What to produce:
In this exercise, print only the lines of the records below from the one with "Yuki no Hi ni" through the one with "Dette lavluvede tæppe med et", inclusive. Pictures are not part of the copy.

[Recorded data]
↓

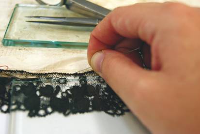 It is well known that “each intervention is directed by what is seen as the role of the object” (Eastop 2006:526). In this case, the textile was regarded as a museum object which deserved conservation treatment, especially because it had been stored under inadequate conditions for such a long time. Therefore, it was decided that areas of loss -both in the lace and the linen cloth- would be camouflaged by simulating a continuity of the textile elements.
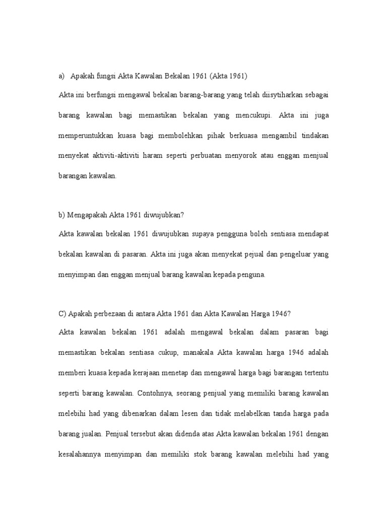 Akta kawalan harga 1946 pdf. Akta perhutanan negara 1984 (pindaan 1993) 5. Akta ini adalah suatu akta yang digunakan untuk mengadakan peruntukan bagi pengawalan harga dan juga dikenali akta 121. Melalui akta kawalan harga 1946 sedia ada, kerajaan hanya boleh mengawal harga terhadap barangan yang diwartakan saja, tetapi melalui akta baru itu, kerajaan berupaya mengawal peniaga daripada menaikkan harga sesuka hati. Nilai melindungi hak pengguna akta perlindungan pengguna 1999 akta kawalan harga 1946 akta kawalan bekalan 1961 akta timbang dan sukat 1972 akta perihal dagangan. Akta timbang dan sukat, 1972. Apakah kuasa dan hak kita sebagai pengguna untuk menghukum para peniaga dan. Akta pinjaman (bank pembangunan islam) 1977. Akta kawalan harga 1946 19. O akta kawalan harga 1946. Akta ini terpakai bagi semua jenis barangan termasuk barangan terpakai sama ada ianya dijual secara borong atau gudang ataupun jualan runcit. Akta penstabilan harga getah 1975. Akta kawalan harga, 1946 ( 1973 ).
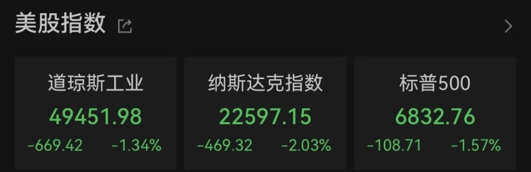 当地时间2月12日,Wind数据显示,截至收盘,道琼斯工业指数跌669.42点,跌幅为1.34%,报49451.98点;纳斯达克指数跌469.32点,跌幅为2.03%,报22597.15点;标普500指数跌108.71点,跌幅为1.57%,报6832.76点。
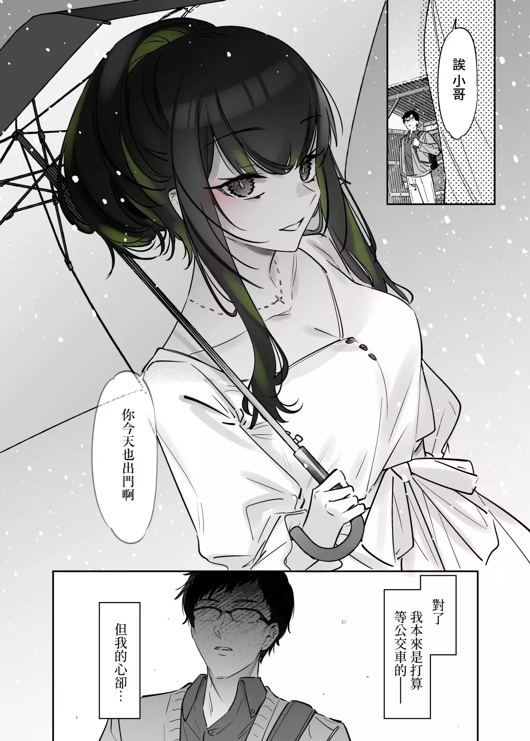 Yuki no Hi ni Deatta, Kawatta Yuki Zuri no Onnanoko | 下雪那天路遇的奇怪女孩 [薺屋本舗 (7zu7)] 雪の日に出会った、変わった行きずりの女の子 [中国翻訳] [DL版]
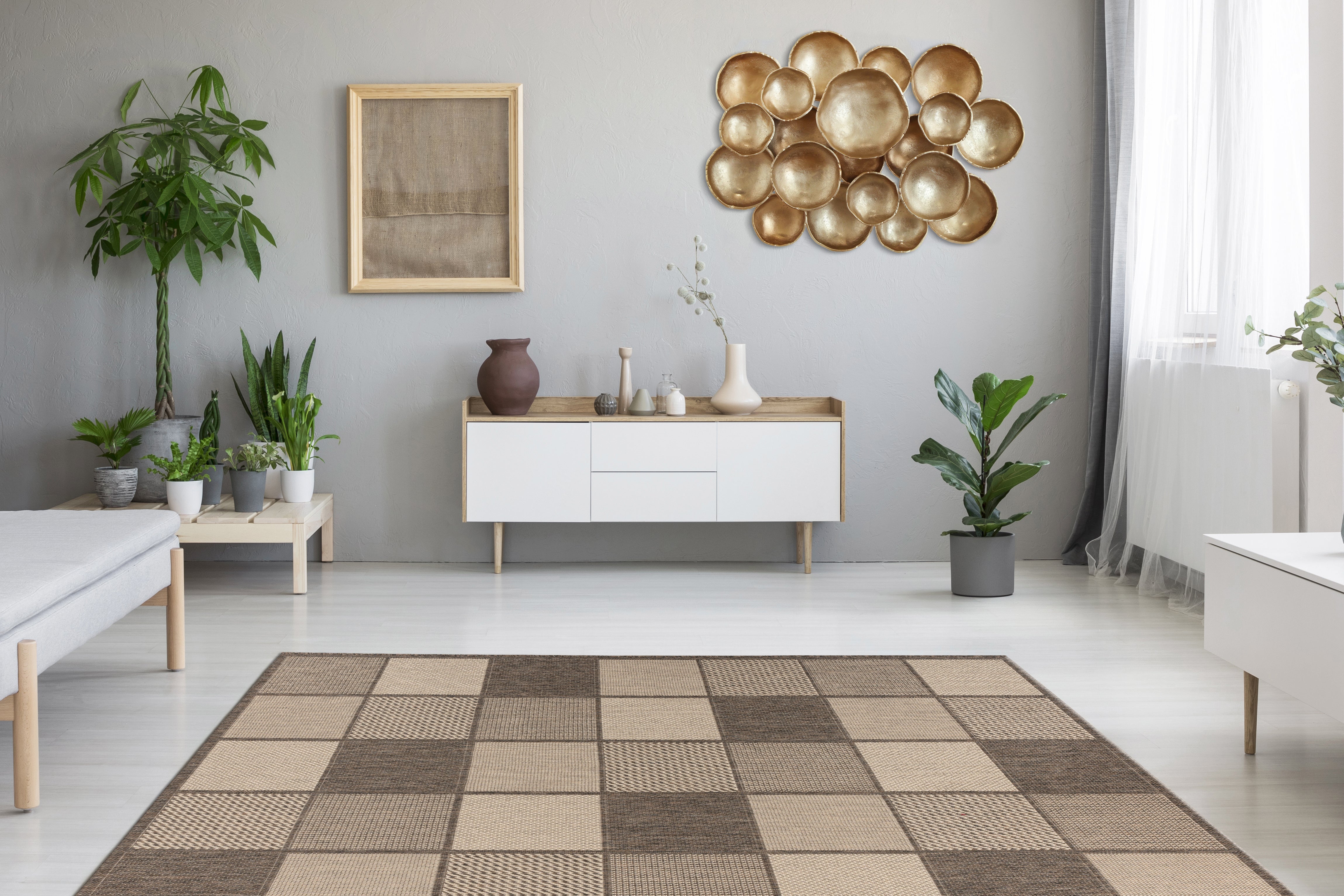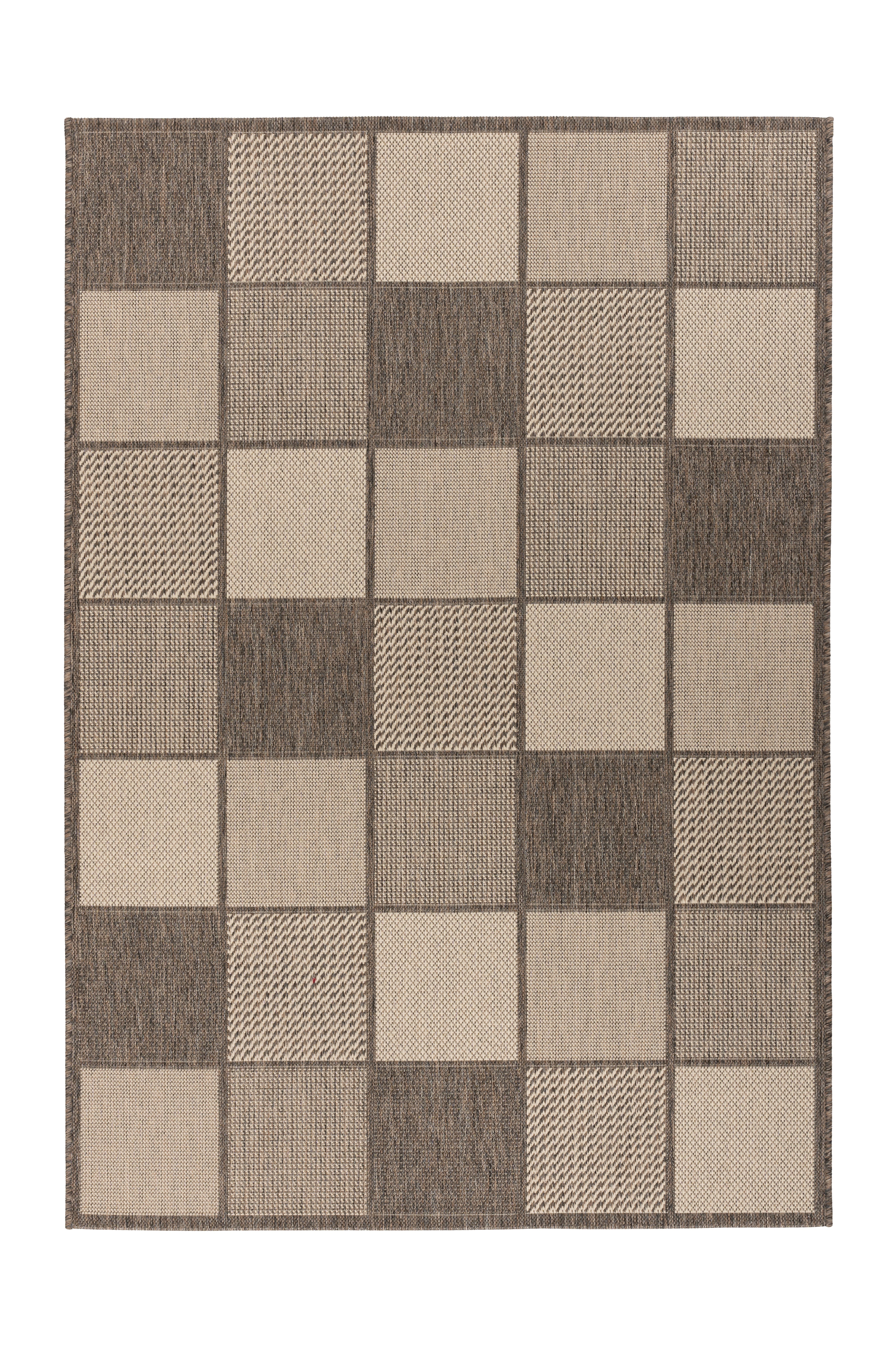 Dette lavluvede tæppe med et flettet look og trendy design er en sand trendsætter, der tilføjer middelhavsaccenter til ethvert opholdsområde. Designet understreger ethvert moderne præg. Dets naturlige karakter udstråler en unik charme.  Det naturlige look giver en ny dimension af styrke. Med sin specielle, fladvævede luv er dette lavluvede tæppe med sisal-look et alsidigt hverdagsstykke, der giver et perfekt finish til en bred vifte af boligindretning og kan bruges indendørs og udendørs. Tæppet til indendørs/udendørs brug tåler nemt hård brug. De diskret nuancerede farver tilpasser sig ethvert miljø. Tæppet kan bruges som blikfang i stuen, som tæppe i gangen eller som blikfang på terrassen eller altanen. Den robuste luv står i direkte forhold til dets geometriske mønster og understreger tydeligt den stærke karakter af dette lavluvede tæppe. Fugt har ingen chance. Fordelene er åbenlyse: overkommelige priser, ultramoderne, holdbare og nemme at vedligeholde!
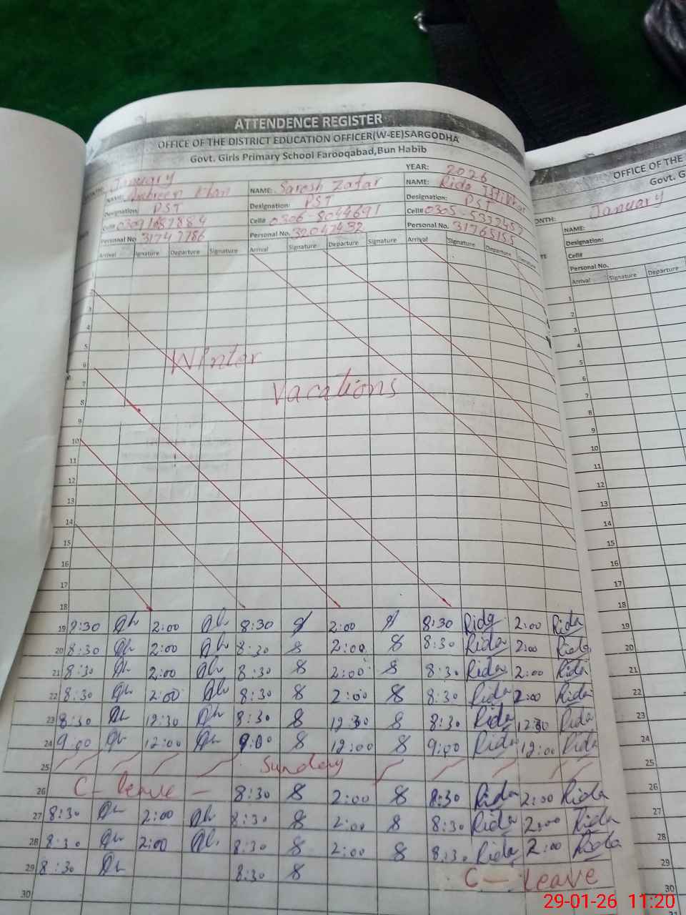 | Name: AM**** KH**** Designation: (School Headmaster's/Headmistress's) PST Phone/Cell Number: 03**** |

↑

Answer section:
 Yuki no Hi ni Deatta, Kawatta Yuki Zuri no Onnanoko | 下雪那天路遇的奇怪女孩 [薺屋本舗 (7zu7)] 雪の日に出会った、変わった行きずりの女の子 [中国翻訳] [DL版]
 Dette lavluvede tæppe med et flettet look og trendy design er en sand trendsætter, der tilføjer middelhavsaccenter til ethvert opholdsområde. Designet understreger ethvert moderne præg. Dets naturlige karakter udstråler en unik charme.  Det naturlige look giver en ny dimension af styrke. Med sin specielle, fladvævede luv er dette lavluvede tæppe med sisal-look et alsidigt hverdagsstykke, der giver et perfekt finish til en bred vifte af boligindretning og kan bruges indendørs og udendørs. Tæppet til indendørs/udendørs brug tåler nemt hård brug. De diskret nuancerede farver tilpasser sig ethvert miljø. Tæppet kan bruges som blikfang i stuen, som tæppe i gangen eller som blikfang på terrassen eller altanen. Den robuste luv står i direkte forhold til dets geometriske mønster og understreger tydeligt den stærke karakter af dette lavluvede tæppe. Fugt har ingen chance. Fordelene er åbenlyse: overkommelige priser, ultramoderne, holdbare og nemme at vedligeholde!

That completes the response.